* Work task *
Return the records word for word. Any pictures in them are not part of the copy.

[Records from a data collection]
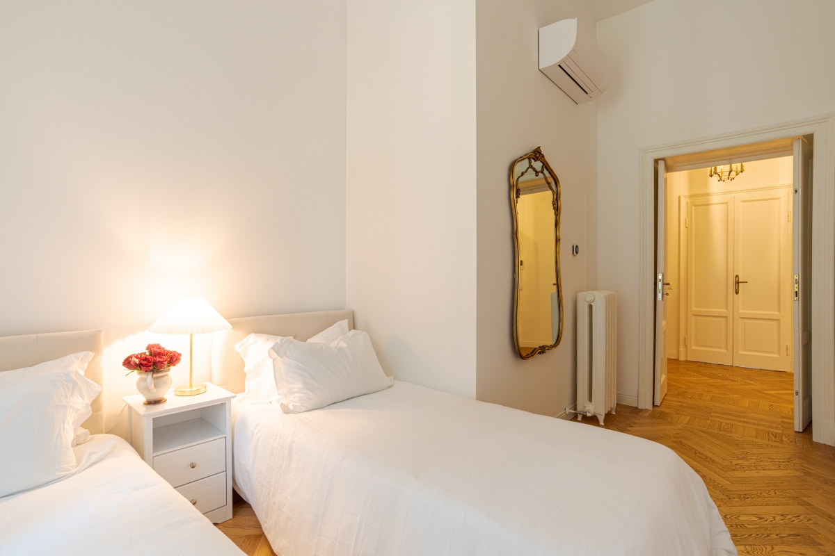 Bedroom 4: A comfy bedroom with twin-joinable beds and a wardrobe.
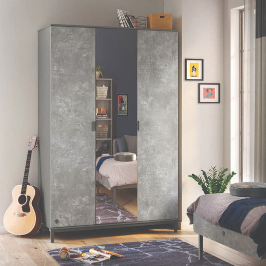 Space Gray 3-türiger Kleiderschrank mit Spiegeltür Grau
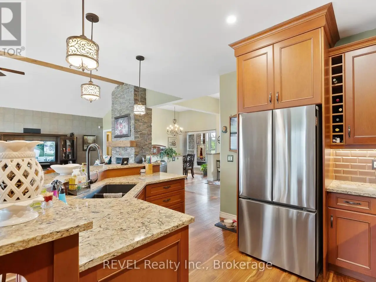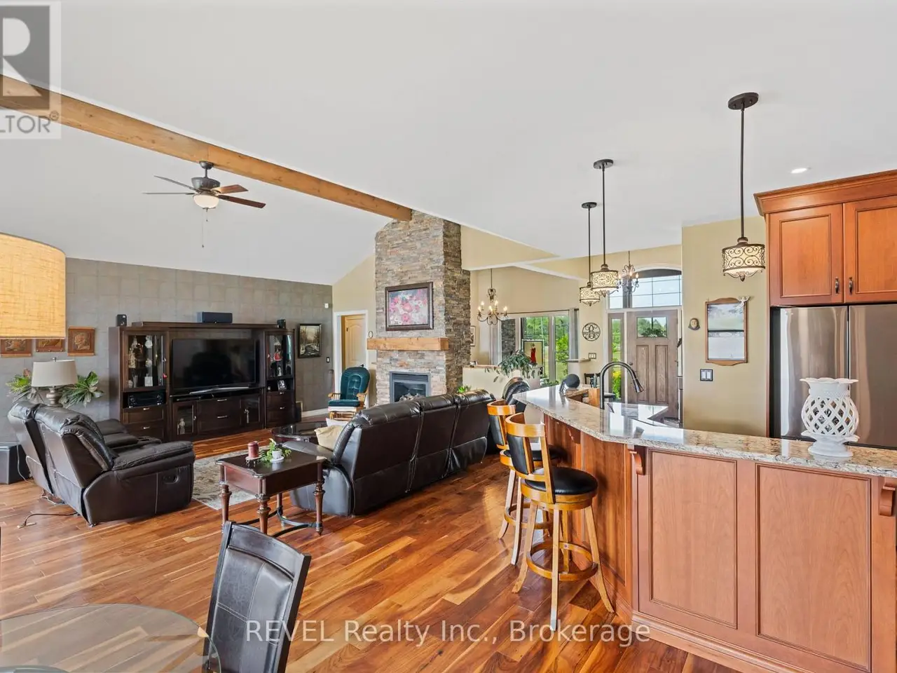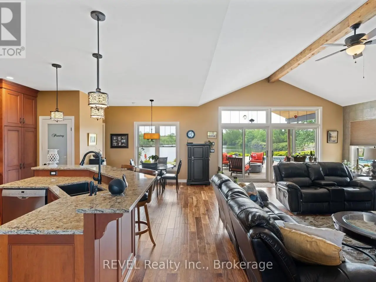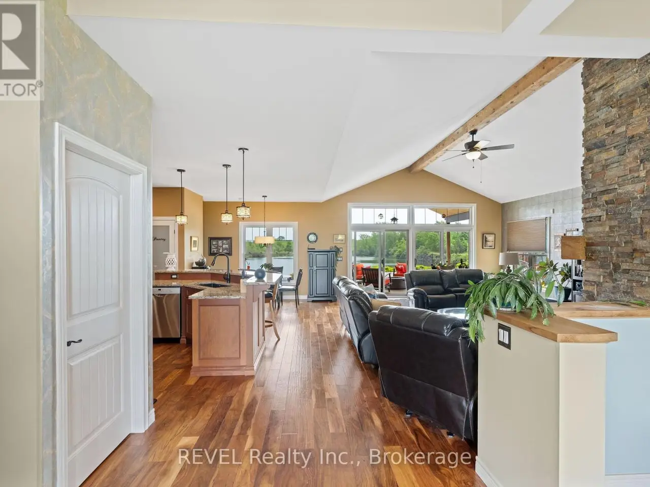 Located just outside the City of Port Colborne with sweeping Wainfleet views, this beautifully appointed bungalow backs onto the serene Port Colborne Quarry Pond and includes .5 acres of owned underwater land, offering an unmatched setting for water recreation and peaceful living. The home blends cottage charm with modern comfort, featuring four bedrooms and two bathrooms, including a private primary suite overlooking the pond with a luxurious 5-piece ensuite boasting a tile walk-in shower, soaker tub, and walk-in closet. The open-concept main floor is designed for both relaxation and entertaining, with vaulted ceilings in the living room, a striking stone gas fireplace, and large windows that frame the stunning quarry views. The kitchen is well-equipped with quartz countertops, a large island with bartop seating, stainless steel appliances, and a generous pantry, flowing seamlessly into the living and dining areas with rich hardwood flooring and real wood doors throughout. Two additional main-floor bedrooms, a full 4-piece bathroom, and an office that can serve as a fourth bedroom provide ample space for family or guests. A large covered rear deck with a vaulted roof extends your living space outdoors, overlooking an eight-year-old inground pool with a new pump and filter ideal for summer enjoyment. Additional highlights include a main-floor laundry room, an extra-large attached two-car garage, a 35x40-foot detached shop with full vehicle lift and air compressor, and a 5-foot height unfinished basement for storage. With a cistern water supply and a location that offers a true Muskoka-like experience just minutes from all local amenities, this home delivers the ultimate blend of lifestyle, privacy, and practicality.
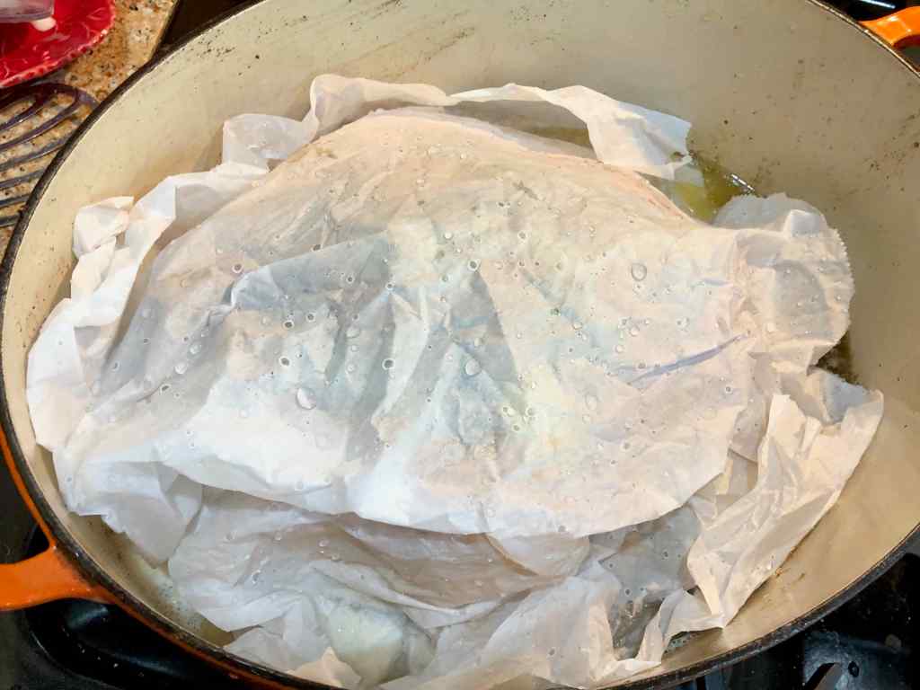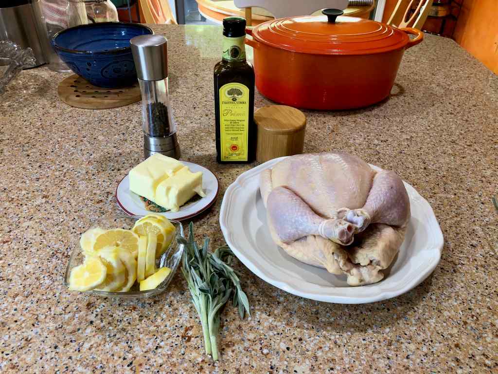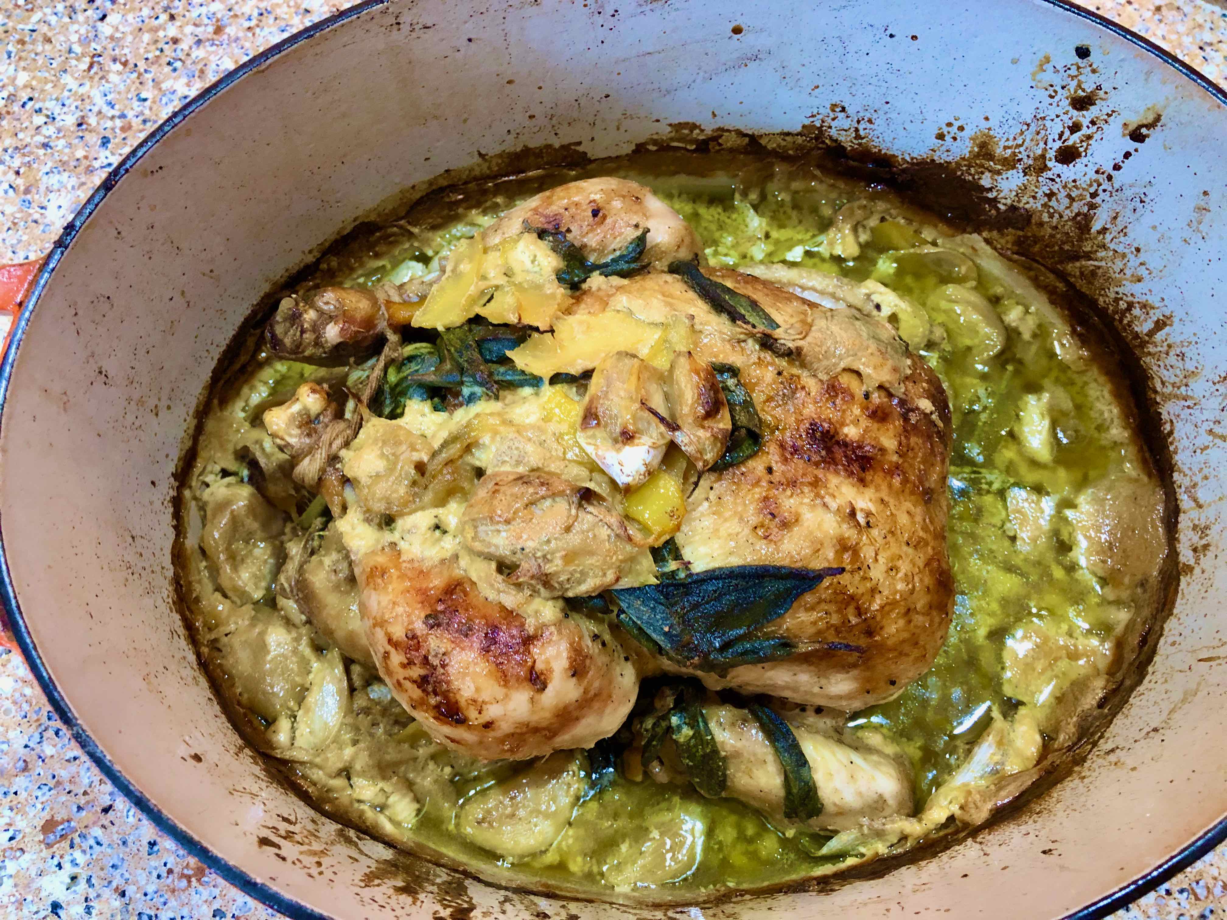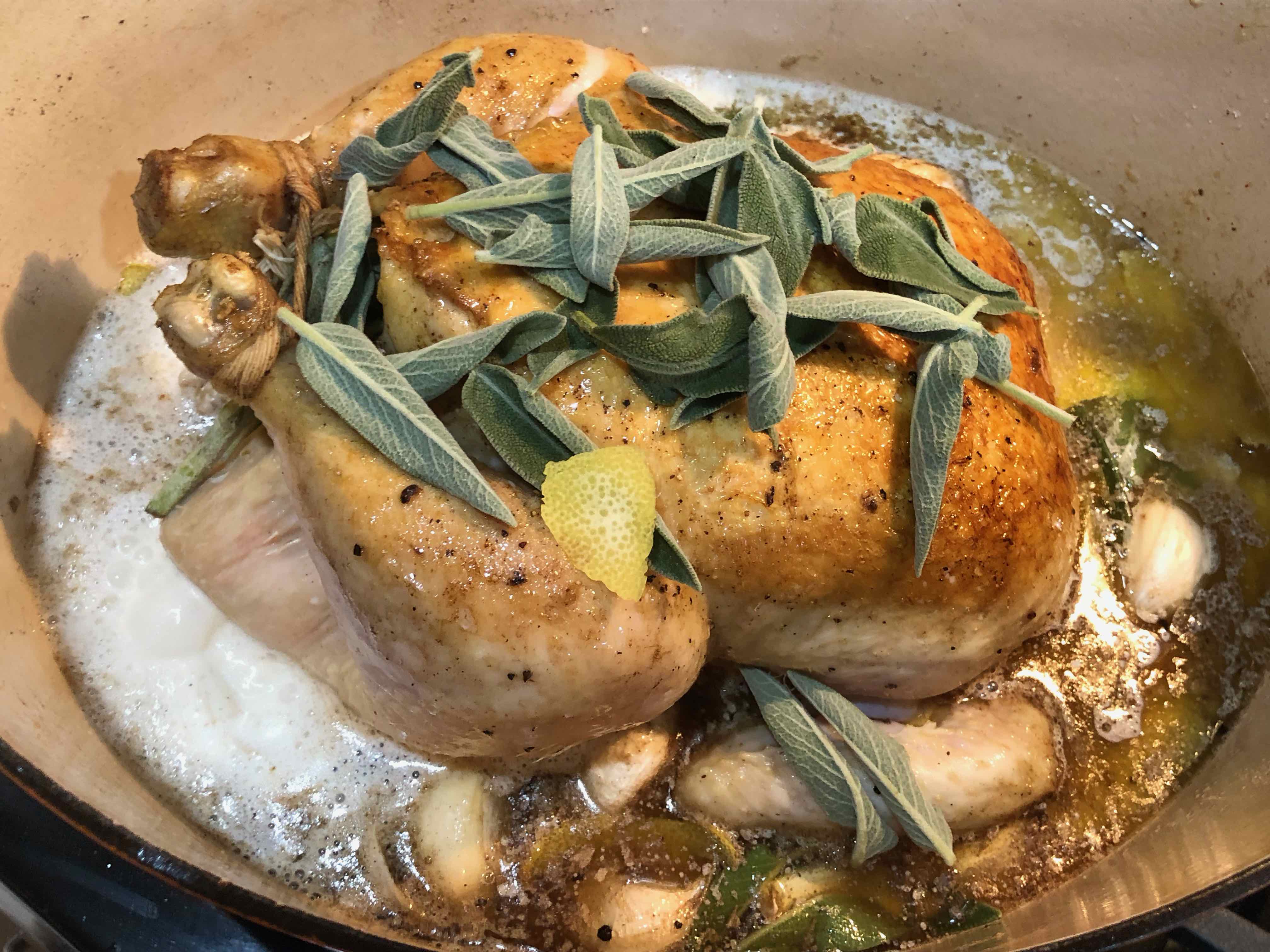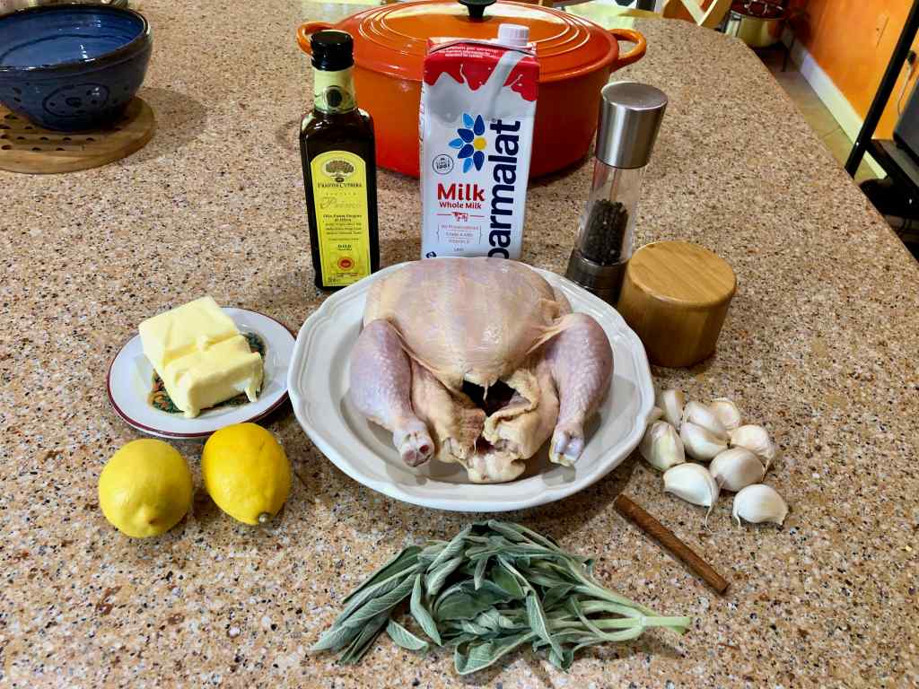 After reading the recipe a second time, however, I started to page through its “Cooking Notes” submitted by readers. Three of them caught my interest. One reader who had prepared the dish several times found that she achieved the best result by using shelf-stable milk like Parmalat. Another contributor cited a German video of Jamie making the dish where he was doing things differently from the Times’ adaption, for example, cutting the lemons in thick slices whose peels are used for the sauce and stuffing them, along with the stems of the sage leaves that had been picked for the sauce. She also mentioned that he used considerably more butter. Scrolling through the rest of the notes, I eventually discovered the reader who initially mentioned the above-cited video, provided a link to it (see below), and said that Jamie used wet parchment to cover the chicken to keep it moist while it cooked.
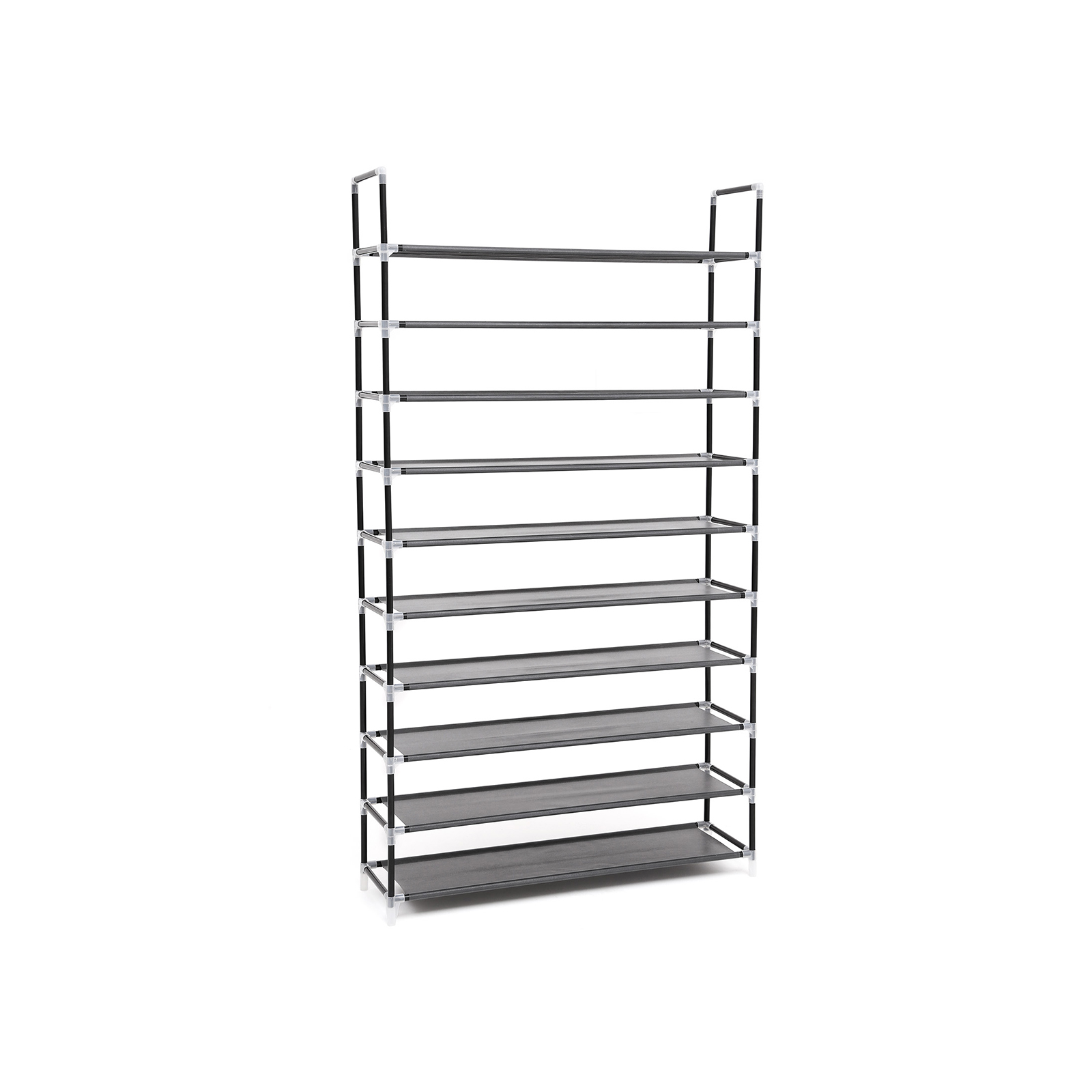 Käytännöllisen tyylikäs kenkähylly on kevyt mutta silti vakaa. Songmicsin hylly sopii minimalistisen kauneutensa ansiosta mihin tahansa sisustukseen! 10 tasolla se sopii hyvin kellariin, lastenhuoneeseen, eteiseen tai jopa ullakolle, ja siihen mahtuu 60 paria kenkiä, jotka voidaan säilyttää siististi. Hylly on helppo koota ja purkaa. On huolehdittava siitä, että välitasojen päällystetty puoli on ylöspäin. Hyllytasot voidaan puhdistaa helposti kostealla liinalla. Tuotetiedot: – Väri: musta – Mitat: 100 x 175 x 29 cm (L x K x S) – Jokaisen tason korkeus: 17 cm – Materiaali: kuitukangas (100 g/m²), rautaputki (Φ16 mm) – Pakkauksen mitat: 98 x 15 x 12 cm – Paino: 4,8 kg Toimitus sisältää: – 1 x kenkähylly

* Answer to the problem *
 Bedroom 4: A comfy bedroom with twin-joinable beds and a wardrobe.
 Space Gray 3-türiger Kleiderschrank mit Spiegeltür Grau
 Located just outside the City of Port Colborne with sweeping Wainfleet views, this beautifully appointed bungalow backs onto the serene Port Colborne Quarry Pond and includes .5 acres of owned underwater land, offering an unmatched setting for water recreation and peaceful living. The home blends cottage charm with modern comfort, featuring four bedrooms and two bathrooms, including a private primary suite overlooking the pond with a luxurious 5-piece ensuite boasting a tile walk-in shower, soaker tub, and walk-in closet. The open-concept main floor is designed for both relaxation and entertaining, with vaulted ceilings in the living room, a striking stone gas fireplace, and large windows that frame the stunning quarry views. The kitchen is well-equipped with quartz countertops, a large island with bartop seating, stainless steel appliances, and a generous pantry, flowing seamlessly into the living and dining areas with rich hardwood flooring and real wood doors throughout. Two additional main-floor bedrooms, a full 4-piece bathroom, and an office that can serve as a fourth bedroom provide ample space for family or guests. A large covered rear deck with a vaulted roof extends your living space outdoors, overlooking an eight-year-old inground pool with a new pump and filter ideal for summer enjoyment. Additional highlights include a main-floor laundry room, an extra-large attached two-car garage, a 35x40-foot detached shop with full vehicle lift and air compressor, and a 5-foot height unfinished basement for storage. With a cistern water supply and a location that offers a true Muskoka-like experience just minutes from all local amenities, this home delivers the ultimate blend of lifestyle, privacy, and practicality.
 After reading the recipe a second time, however, I started to page through its “Cooking Notes” submitted by readers. Three of them caught my interest. One reader who had prepared the dish several times found that she achieved the best result by using shelf-stable milk like Parmalat. Another contributor cited a German video of Jamie making the dish where he was doing things differently from the Times’ adaption, for example, cutting the lemons in thick slices whose peels are used for the sauce and stuffing them, along with the stems of the sage leaves that had been picked for the sauce. She also mentioned that he used considerably more butter. Scrolling through the rest of the notes, I eventually discovered the reader who initially mentioned the above-cited video, provided a link to it (see below), and said that Jamie used wet parchment to cover the chicken to keep it moist while it cooked.
 Käytännöllisen tyylikäs kenkähylly on kevyt mutta silti vakaa. Songmicsin hylly sopii minimalistisen kauneutensa ansiosta mihin tahansa sisustukseen! 10 tasolla se sopii hyvin kellariin, lastenhuoneeseen, eteiseen tai jopa ullakolle, ja siihen mahtuu 60 paria kenkiä, jotka voidaan säilyttää siististi. Hylly on helppo koota ja purkaa. On huolehdittava siitä, että välitasojen päällystetty puoli on ylöspäin. Hyllytasot voidaan puhdistaa helposti kostealla liinalla. Tuotetiedot: – Väri: musta – Mitat: 100 x 175 x 29 cm (L x K x S) – Jokaisen tason korkeus: 17 cm – Materiaali: kuitukangas (100 g/m²), rautaputki (Φ16 mm) – Pakkauksen mitat: 98 x 15 x 12 cm – Paino: 4,8 kg Toimitus sisältää: – 1 x kenkähylly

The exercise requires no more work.